Are Eggs Protective and Healthy?

Other studies have even suggested that egg intake may have a protective effect on cardiovascular health. A review of 12 studies found that high egg intake was associated with a lower risk of stroke, and another study found that moderate egg intake (up to one egg per day) was associated with a reduced risk of coronary heart disease in people with type 2 diabetes.

It is important to note that these studies were observational in nature, meaning they cannot establish cause and effect. It is possible that other factors, such as the overall quality of the diet or other lifestyle factors, may be responsible for the observed associations. However, these findings do suggest that the relationship between egg intake and cardiovascular disease risk is more complex than previously thought and may not be solely determined by dietary cholesterol intake.

One egg per day, can be protective:  


Other Factors That May Play a Role in the Health Effects of Eggs

One potential explanation for the apparent lack of association between egg intake and cardiovascular disease risk is the fact that the effect of dietary cholesterol on blood cholesterol levels may be modulated by other nutrients in the diet, such as saturated and unsaturated fats and fiber. For example, a high intake of saturated fats, which are found in animal products such as meat and dairy, may increase LDL cholesterol levels and contribute to the risk of cardiovascular disease. On the other hand, unsaturated fats, which are found in plant-based oils and nuts, may have a protective effect on cardiovascular health. Similarly, a high intake of fiber, which is found in whole grains, fruits, and vegetables, may help to lower LDL cholesterol levels and reduce the risk of cardiovascular disease.

A study in the Journal of the American Medical Association from March 2019 titled, Associations of Dietary Cholesterol or Egg Consumption With Incident Cardiovascular Disease and Mortality looked at almost 30,000 participants and followed them for 13 years. They concluded... 

Conclusions and relevance: Among US adults, higher consumption of dietary cholesterol or eggs was significantly associated with higher risk of incident CVD and all-cause mortality in a dose-response manner. These results should be considered in the development of dietary guidelines and updates. 


To Egg or Not To Egg?

As you can see the data goes back and forth. Some studies showed benefit and even protective effects, while others showed some increased risk.

What I normally tell my patient is that the relationship between egg consumption and cardiovascular health is complex and remains the subject of ongoing research. We may not ever have a final and definitive answer. 

It's still important to consider the overall quality of the diet and the impact of other nutrients on cardiovascular health, especially saturated fat intake. The current evidence suggests that moderate egg intake, as part of a balanced diet, is not associated with an increased risk of cardiovascular disease.

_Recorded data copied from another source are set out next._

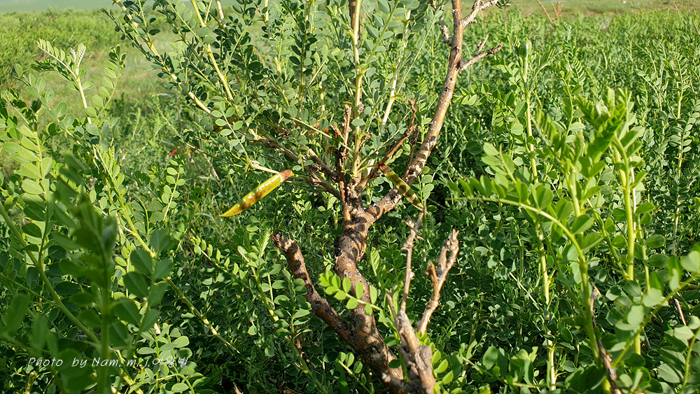 이 곳은 잎이 작은 좀골담초 Caragana microphylla (367p)가 산비탈을 우점하고 있었다.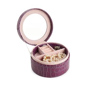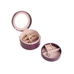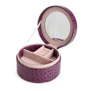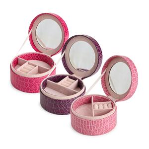 Descrição: Porta-Joias em couro sintético com textura de crocodilo e formato arredondado. Conta com espelho no interior da tampa, além de dois compartimentos principais: o superior, removível, com quatro divisórias em diferentes tamanhos, uma delas com almofadas para abrigar anéis e brincos; e o inferior, com mais quatro divisórias. Largura 12,5 cm Medidas aproximadas para gravação(CxL): 8 cm x 8 cm Peso aproximado(g): 210 Circunferência 39,5 cm Altura 7 cm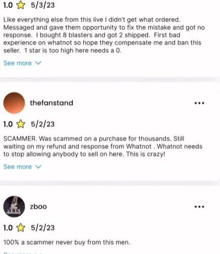 Nothing but 1 stars. How many does it take for Whatnot to take action? Who knows.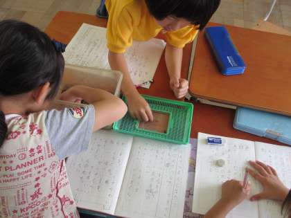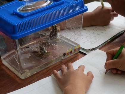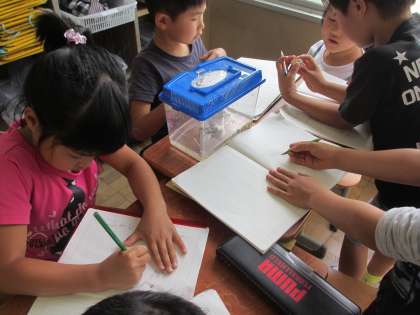 国語「かんさつ名人になろう」の学習で,生き物を観察して様子を記録しました。ザリガニやカエルなどをじっと見ながら,大きさ・色・動きなどの様子を書きました。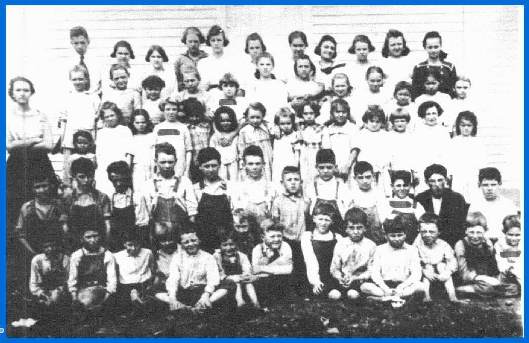 This is a group photo of my mother's Turnerville school class of 1917. I regret that the Turnerville School picture is poor, but it is very old. My mother had put a small swatch mark beneath her own, and her sibling pictures. Lillian, Lucille, Bennie, and Walter (front extreme right). Mother (most center) has her arms around her girlfried named Jewell Holtzclaw (sp?)
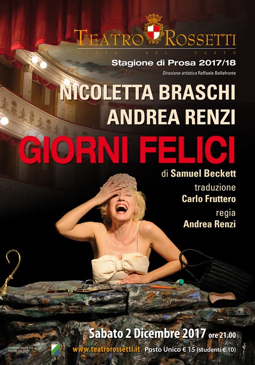 Alle ore 21,00 secondo appuntamento della Stagione di Prosa del Teatro Rossetti di Vasto con un pilastro del teatro del Novecento, «Giorni felici» di Samuel Beckett, che in questo allestimento prodotto da Melampo e Teatro Stabile di Torino ha debuttato nel 2013. È di quegli spettacoli imperdibili.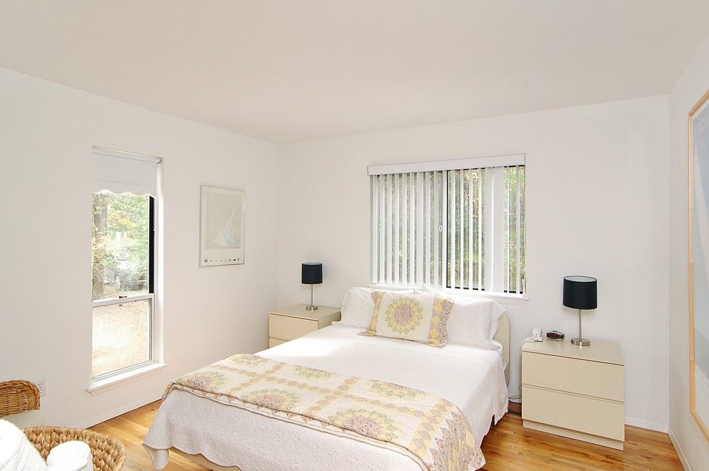 The all white interior of this 3 bedroom, 2 bath contemporary features stunning decor, a bright, light environment and vaulted ceilings with skylights. This Contemporary has been recently renovated.The kitchen has a new interior, replete with granite counter tops, all stainless steel appliances, and natural maple cabinetry. The newly updated baths feature marble tile, pedestal sinks, and new fixtures. The location, which is within a stroll to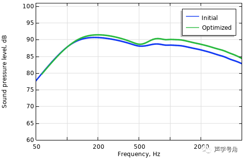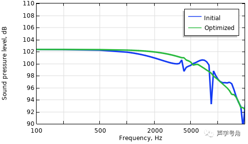 使用瑞利积分计算的1m轴线处的优化前后频率响应曲线。在较高频率段声压级提升。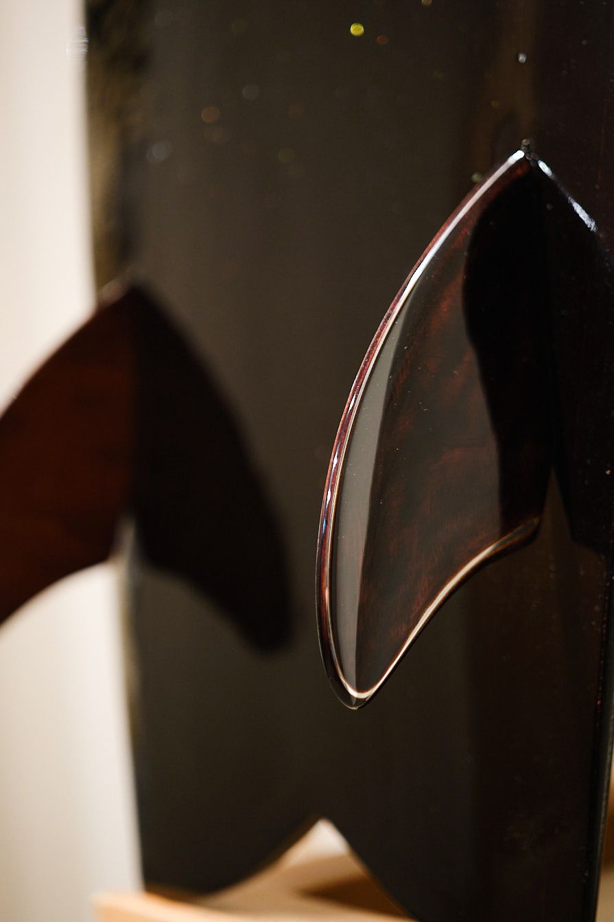 ButtonThe fins of a wooden surfboard coated with many layers of translucent urushi lacquer, for a deep mirror-like shine.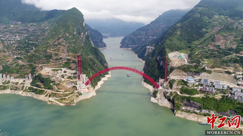 中工网讯(记者 张翀 通讯员 张静 陈杰 邹炜)5月22日10时28分,随着主拱合龙段两颗工具螺栓紧固到位,香溪长江大桥主拱完美合龙,犹如一道红色的长虹横跨在长江上,标志着由中铁大桥局承建的世界最大跨度钢箱桁架推力式拱桥施工迈过了风险最高、难度最大的阶段。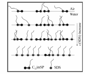 综合上述对实验结果的分析,可以初步推断出SDS的加入对C12imSP/NaCl(0.1 mol/L)体系表面聚集行为的影响。 当体系中仅含1×10-4 mol/L C12imSP时,C12imSP分子在表面松散排列。 少量传统表面活性剂SDS的加入可以有效填补表面上的空位,表面上形成两种表面活性剂的混合吸附膜。 随着SDS的不断引入,嵌入表面的SDS分子逐渐增多,直到表面吸附达到饱和,体相中混合胶束形成。 SDS浓度的进一步提高使得其在体相和表面分子扩散交换作用增强,一旦C12imSP分子脱离表面,体相胶束中富集的SDS分子对C12imSP分子的“收纳”作用及进一步的“挽留”作用,加之C12imSP分子本身相对较大的空间位阻效应导致其很难再回复到界面。 因此,界面逐渐被SDS分子所占据。图5给出了SDS的加入对C12imSP/NaCl(0.1 mol/L)体系表面上分子聚集行为影响示意图。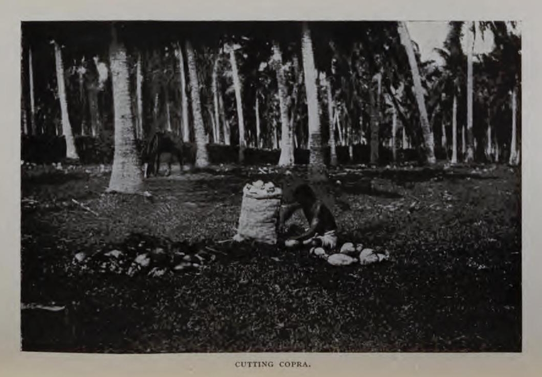 Husking a cocoanut is one of the simplest-looking operations in the world, but I have not yet seen the white man who could do it effectively, though every native is apparently born with the trick. A stick is sharply pointed at both ends, and one end is firmly set in the ground. The nut is now taken in the hands, and struck with a hitting and tearing movement combined, on the point of the stick, so as to split the thick, intensely tough covering of dense coir fibre that protects the nut, and rip the latter out. It comes forth white as ivory, about the same shape and size as the brown old nuts that come by ship to England, but much younger and more brittle, for only the smallest of the old nuts, which are not wanted in the islands for copra-making, are generally exported. A large knife is used to crack the top of the nut all round, like an egg-shell, and the drink is ready, a draught of pure water, slightly sweet and just a little aerated, if the nut has been plucked at the right stage. There is no pleasanter or more refreshing draught in the world, and it has not the least likeness to the “milk” contained in the cocoanuts of commerce. No native would drink old nuts such as the latter, for fear of illness, as they are considered both unpleasant and unwholesome. Only half-grown nuts are used for drinking, and even these will sometimes hold a couple of pints of liquid. The water of the young cocoanut is food and drink in one, having much nourishing matter held in solution. On many a long day of hot and weary travel, during the years that followed, I had cause to bless the refreshing and restoring powers of heaven’s best gift to man in the tropics, the never-failing cocoanut.

Interestingly, studies have also shown that substituting whole eggs for egg whites or egg substitutes did show a reduction in mortality.

If you have significant risk factors and or a history of heart disease, you may want to consider limiting egg intake to 1 per day based on other studies and the totality data.

As with any dietary decisions, it is important to speak with your doctor, cardiologist or registered dietitian for personalized nutrition advice.